Depending on what the precise objectives are, there’s a number of possible approaches. Optical isolation as suggested could suffice if the goal is to observe (near) zero-cross events, but will be troublesome if measurement of the actual line voltage is desired, due to the poorly-defined transfer characteristics of most optos.
Another approach might be to use a small transformer such as a FS12-090-C2 for isolation. With calibration one should be able to get reasonably accurate voltage measurements, though there will likely be some degree of phase shift due to the inductive properties of the transformer.
Another approach might be to connect the ADC to the line directly via a divider and isolate the data, rather than the measured quantity. This would probably yield better accuracy of measurement than either of the first two approaches. Assuming one doesn’t care to power the line side of things from the line itself, Analog Devices’ IsoPower line of digital isolators might be a useful tool, as they allow transmission of power across the isolation barrier in addition to data.

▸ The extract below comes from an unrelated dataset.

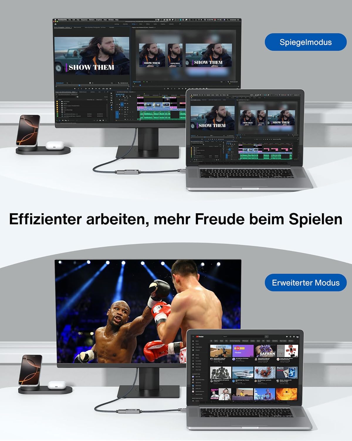 Široka združljivost: Idealno za MacBook Air (2010–2017), MacBook Pro (2010–2015), iMac (2010–2015), Microsoft Surface Pro, Surface Laptop, Surface Book (razen Surface Book 2) ter druge naprave z Mini DisplayPort izhodom.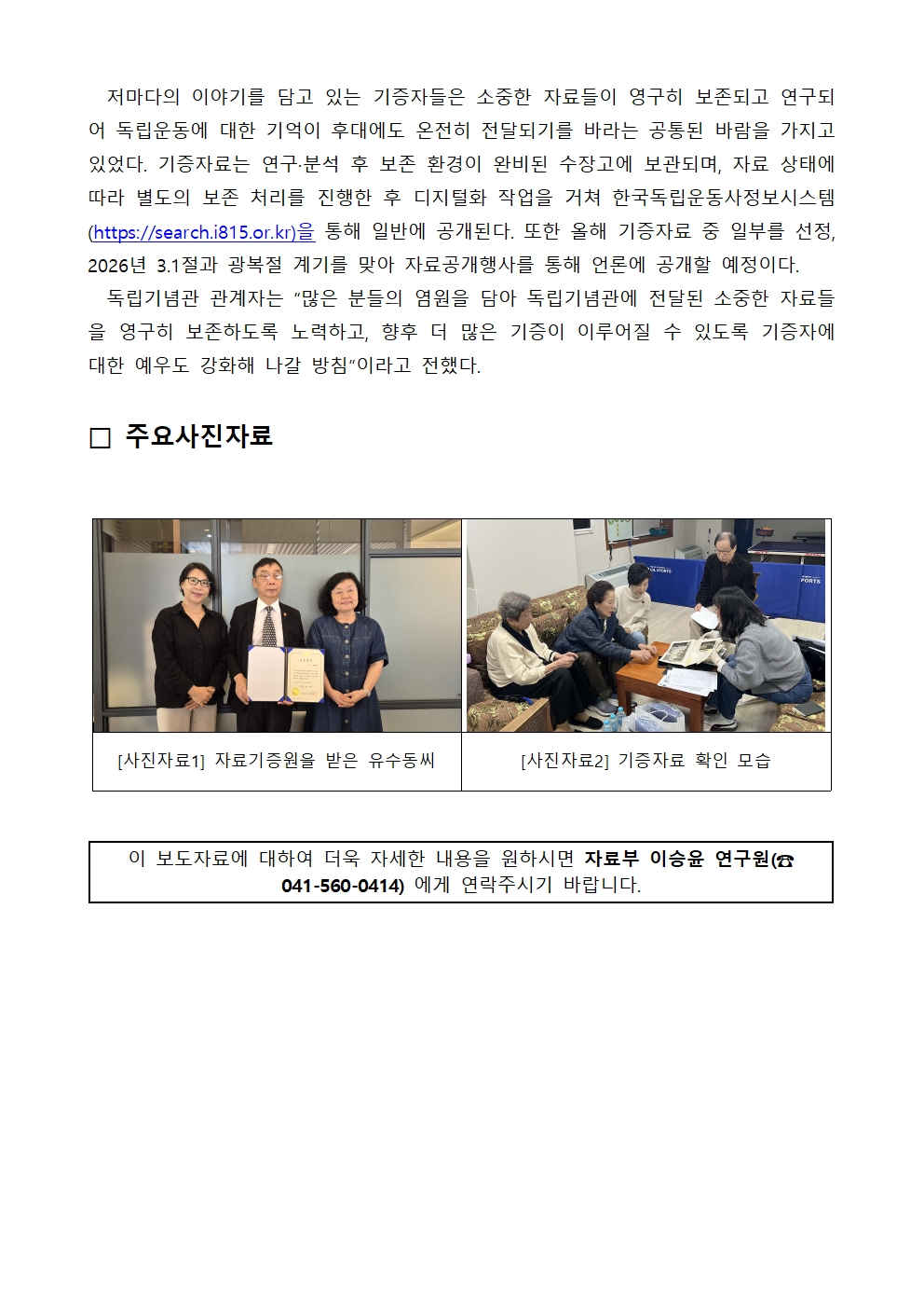 “독립운동 자료는 독립기념관으로”... 광복 80주년 맞아 자료 529점 기증 성과.hwp

Of course if one wants to go down that rabbit hole, there’s also purpose-specific energy metering ICs that can measure voltage, current, power, reactive power, harmonic content, and (probably) the time since your neighbor’s cousin ate a grilled cheese sandwich. Options are available…
Thanks. Can you point me to energy metering IC’s mainly for my own education? I only need nearby event monitoring for now.
See the PMIC-Energy Metering product family for a bucket of options. The manufacturers’ sites probably do a bit better at highlighting differences among their own respective product portfolios, as this is a bit of an esoteric product type that doesn’t lend itself cleanly to normalized parametric representation.